# Fishing the surf when its cold



## willygee (Jun 21, 2013)

Seems like the surf is laying down now, which is nice during the summer but what about right now with the water temp are lower? It is really worthwhile to slap on the waders this time of year to fish the surf? What species would be the target - flounder making their way out to the gulf, bull reds, etc?

Also, any thoughts on the flounder run? Was thinking of going later this week maybe check the surf (unless it's not worthwhile) then hit the bay to try to get on some flounder. I guess depending on the tide, is morning or afternoon more of a good likelihood?


----------



## Walleyewilly (Jan 31, 2017)

Sound like a perfect question for dosfrio.com.


----------



## Flat Fish (Jun 18, 2005)

Bull reds and big uglies are always in the surf. I don't think the odds are too good on flounder from the beach, but maybe near a cut. The nice thing is that cooler water means fewer bait thieves in the surf.


I don't think the surf is cold enough for waders yet. Maybe someone else can chime in on that.


----------



## karstopo (Jun 29, 2009)

https://tidesandcurrents.noaa.gov/stationhome.html?id=8771341

Water temperature at Galveston North Jetty, 56 degrees. Even for me, that sounds a might too chilly to wet wade.


----------



## Sharpest (Mar 31, 2014)

Fished north padre beaches two weeks ago.

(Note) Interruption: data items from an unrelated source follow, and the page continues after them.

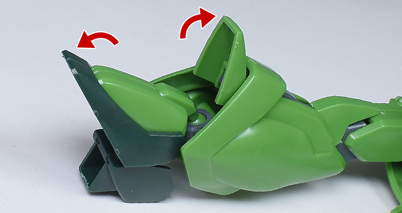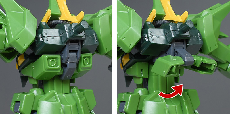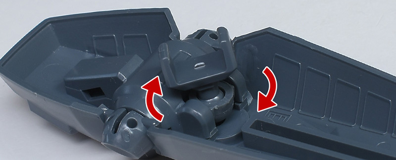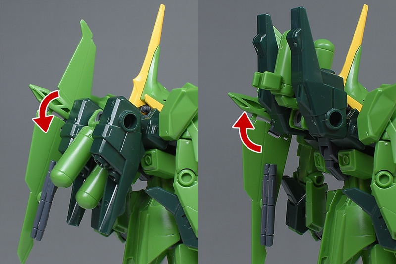 MA形態(バウ・アタッカー、バウ・ナッター)への変形は、まず背部バックパックを後方に展開し、バインダーの下側を左右に展開。背部の装甲を展開して下半身を引き抜きます。
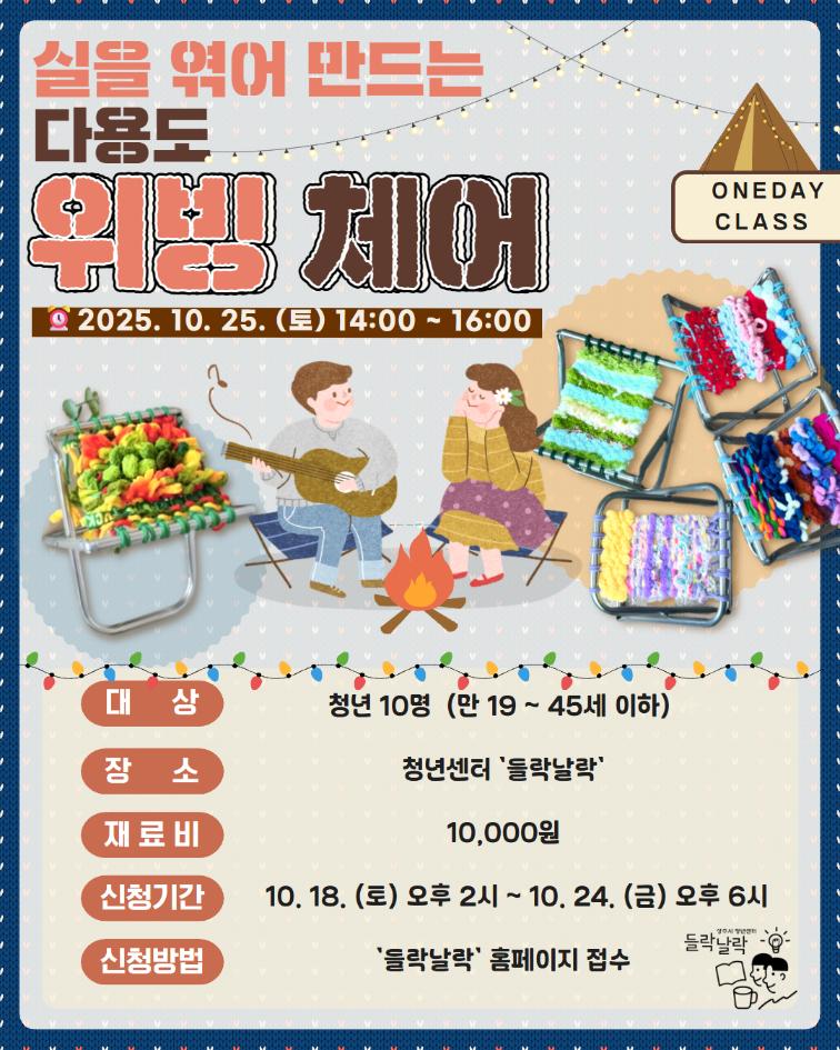 실을 엮어 만드는 다용도 위빙 체어 원데이클래스에 참여하실 청년분들을 모집합니다.
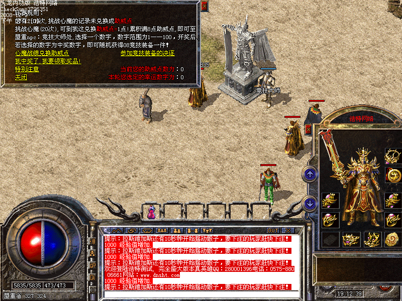 本服更新了很多活动,希望大家时刻观注,系统公告,活动奖励丰富,绝对值得你去努力!
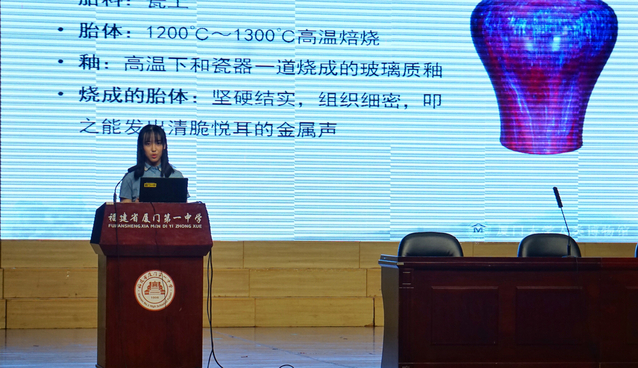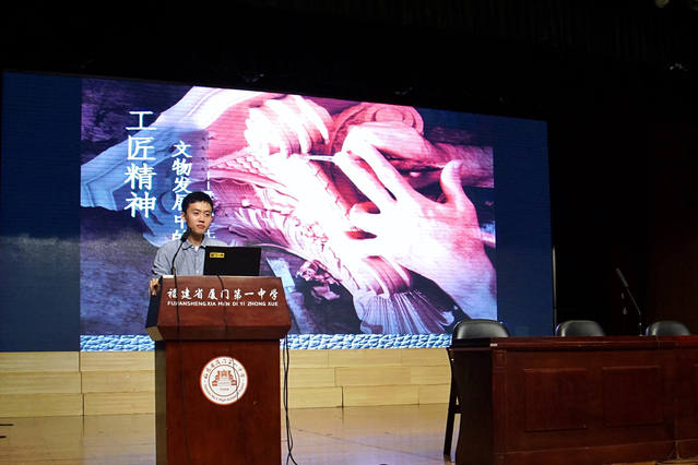 10月26日下午,由厦门大学人类博物馆携手厦门市第一中学科普讲座活动在厦门一中大礼堂举行,厦大人类博物馆老师带领人文学院三名本科生走进一中开讲,近一千名师生参与听讲。此次科普活动,是厦门大学人类博物馆作为省市级科普教育基地,响应“2017年全国科普日重点活动”首次与厦门一中合作交流,以“工匠精神——文物发展中的匠心匠魂”为主题,向刚进入中学的初一年段学生介绍厦门大学人类博物馆馆藏文物,讲述它们背后的工匠精神。不同于以往的科普活动,这次人类博物馆走出厦大,前往中学与学生们进行面对面的交流。
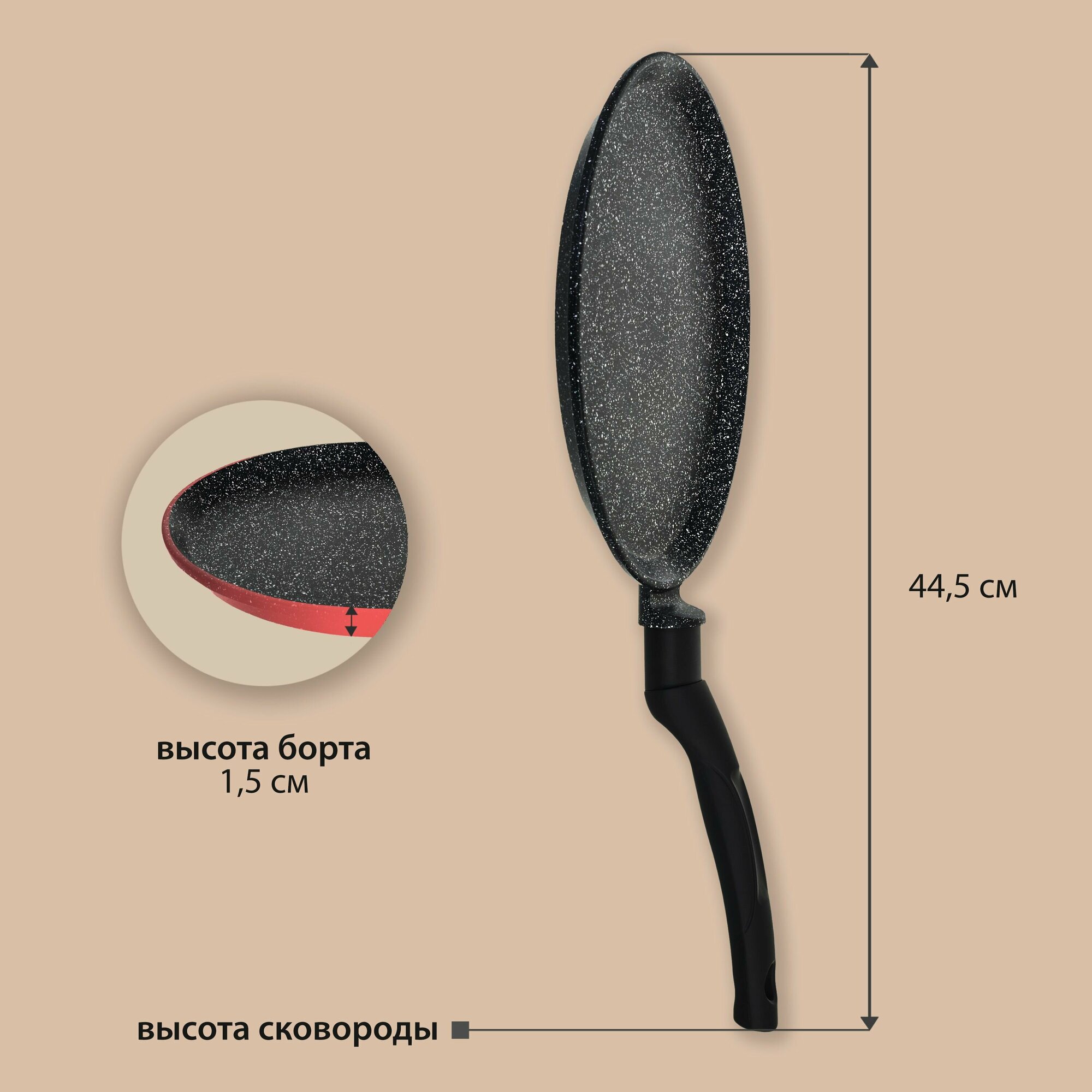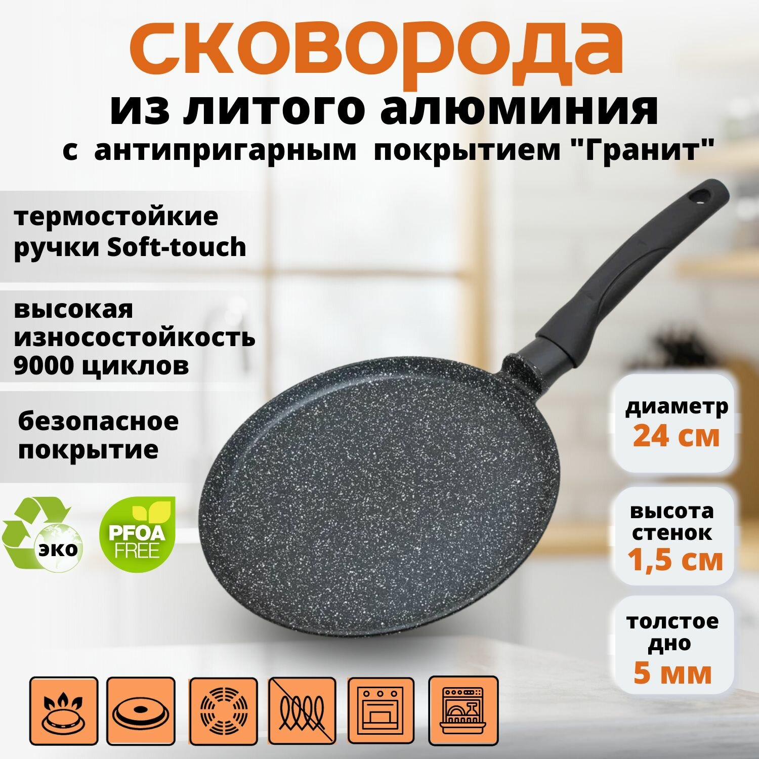 Сковорода блинная алюминиевая VICTORIA "Гранит", 24 см. черный гранит с бакелитовой ручкой.
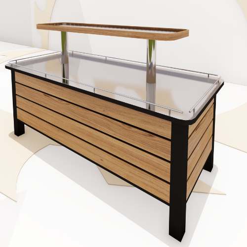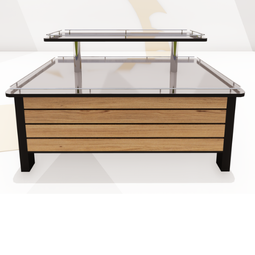 Banca central de dois níveis, de quatro apoios em estrutura de ferro, fechamento laterais em madeira com frisos em preto. Primeiro nível, superfície em chapa de aço inox, acabamento em borracha preta e suportes em aço inox aparafusados nas bordas. Segundo nível fixo ou móvel, com superfície em chapa de aço inox, acabamento em madeiras e apoios com revestimentos em tubo de aço inox. Situada na área de Hortifruti e destinadas a expôr frutas e legumes em geral.
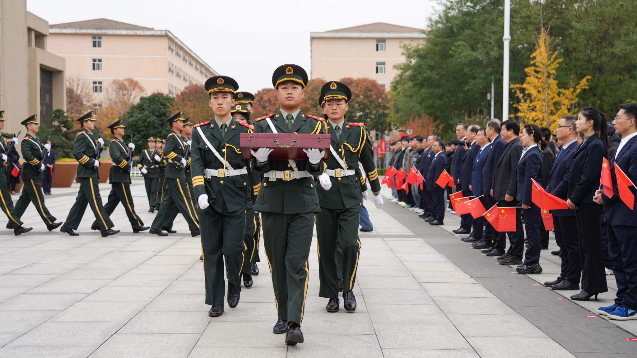 11月10日上午,学校在南校区醒钟楼广场举行迎接天安门国旗仪式。党委书记韩明军,校长仲伟周,党委副书记刘瑞明,党委副书记王勇胜,党委副书记、纪委书记、监察专员康强,副校长祝战斌、胡俊鹏出席仪式。学校党委委员、处科级干部、离退休教师代表、在职教师代表和学生代表,共计1000余人参加仪式。仪式由党委副书记刘瑞明主持。
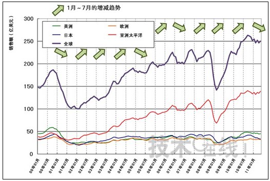 全球及各地區(qū)單月半導(dǎo)體銷售額(3個月的移動平均值)走勢(數(shù)據(jù)由SIA及WSTS提供)1月~7月的增減趨勢用箭頭標(biāo)出。
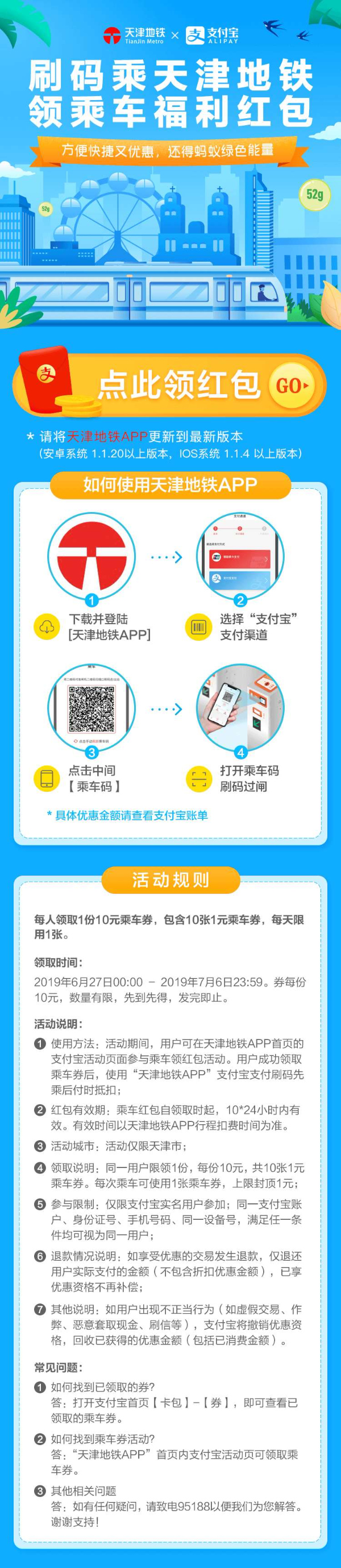 1.乘客可在6月27日至7月6日期間,打開(kāi)“天津地鐵APP”首頁(yè)的支付寶活動(dòng)頁(yè)面跳轉(zhuǎn)至支付寶APP,領(lǐng)取一份支付寶紅包,每份紅包內(nèi)含10張1元乘車(chē)券,共10元優(yōu)惠金額。
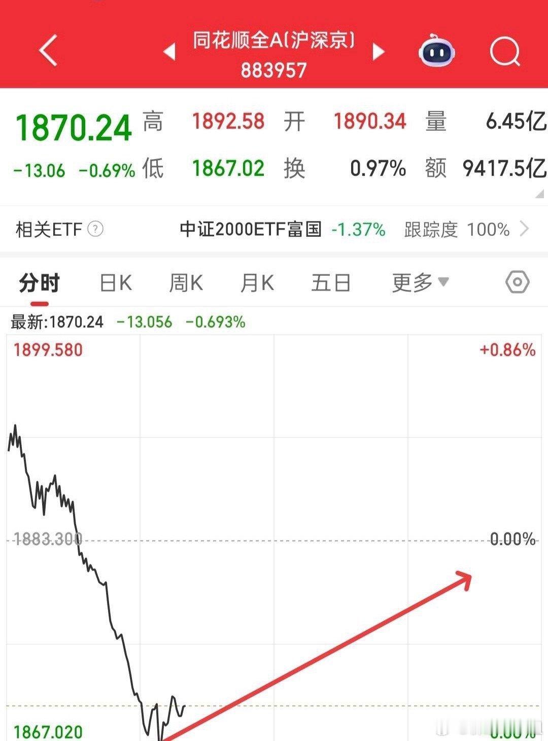 今天还能拿货!明天还有修复的预期,如果今天获利跑路,等待全A企稳,就可以继续在吸回来!今天情绪止跌了,但是修复力度不行,理论上讲,明天还要再给一次回暖的机会,如果今天没来得及跑,明天还有一次出局的机会!接下来中线选手不用再看我文章了,对你们已经用处不大了,我认为第一波牛市暂时结束,要深度回踩一下才能走二波牛!你们毅力比较坚定的,就不用看,不然会受影响,短线选手可以跟着我踩节奏玩,赚了就跑就好了!全A跌到位,可以分批拿货了!
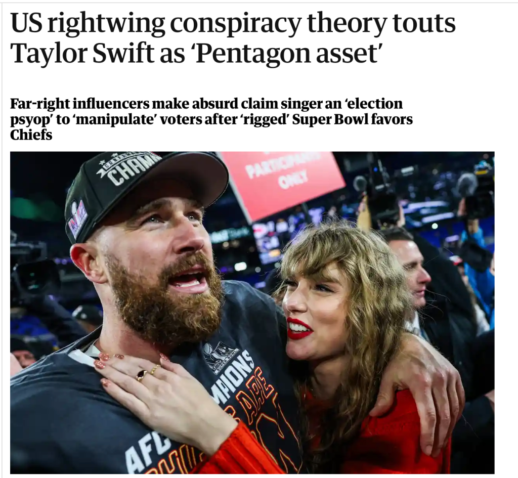 But within that hostile faction, her relationship with Kelce has transformed a merely unfavorable impression into outright paranoia, with various online influencers portraying the romance as some kind of carefully crafted political propaganda, whose true purpose is to make a Swift or Swift-Kelce endorsement of Biden’s re-election bid as meaningful as possible to Swifties and football fans alike.
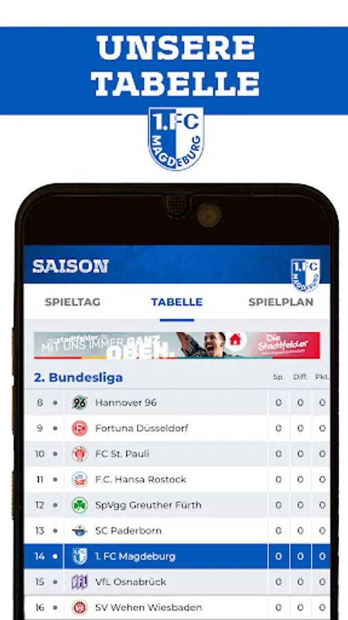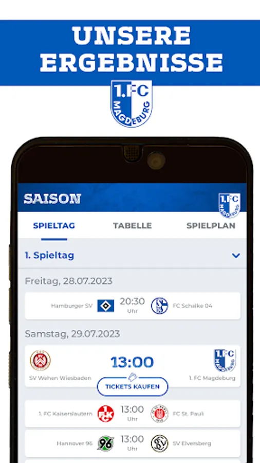 - Information about the MDCC-Arena, barrier-free stadium, KidsClub and job exchange - Direct access to the online ticket shop and merchandising partner “FCMtotal
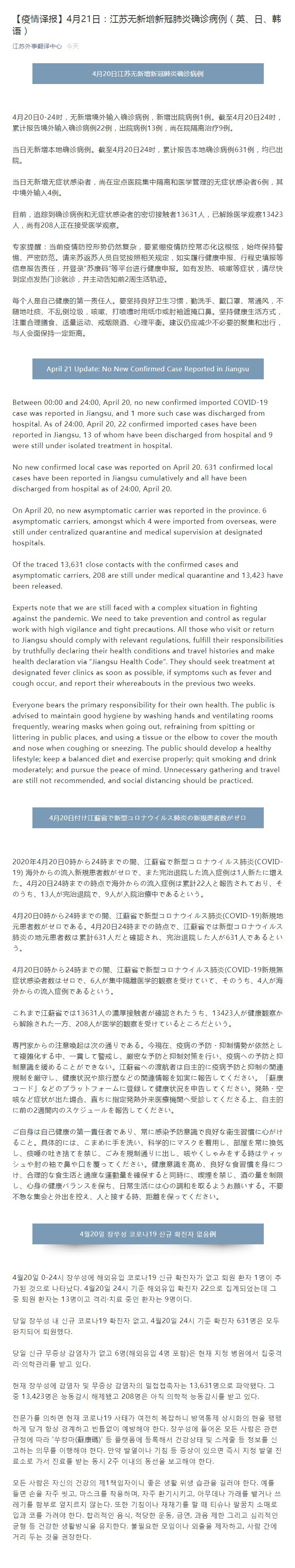 April 21 Update: No New Confirmed Case Reported in Jiangsu
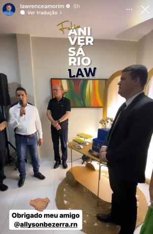 É um amigo e braço forte de todos os nossos passos e projetos”ALLYSON BEZERRA, Prefeito elogiando Lawrence Amorim, presidente da Câmara de Mossoró
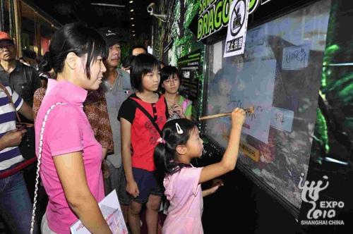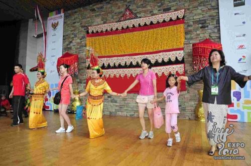 今天與葉珍母女一起來印尼館的還有王凱、王燁夫婦,他們與葉珍同在一家保險(xiǎn)公司工作,葉珍母女把獲得的兩張機(jī)票中的一張送給他們,讓他們也享受到了印尼館帶來的幸運(yùn)。(世博網(wǎng))

Got one slot red, one big *** stingray and a bunch of hardheads. Water was cold enough that I didn't want to get my nuts wet.


----------



## LaddH (Sep 29, 2011)

I tried the POC surf for a couple of hours Friday afternoon and waded wet up to knee deep it was OK but if the wind would have been blowing or the water any colder it would have been a bad idea .
I only caught one 22 in red but it was a beautiful afternoon. I caught him on a white Gulp.
I saw a few flounder beds but no flounder were interested in biting. The tide was very low.


----------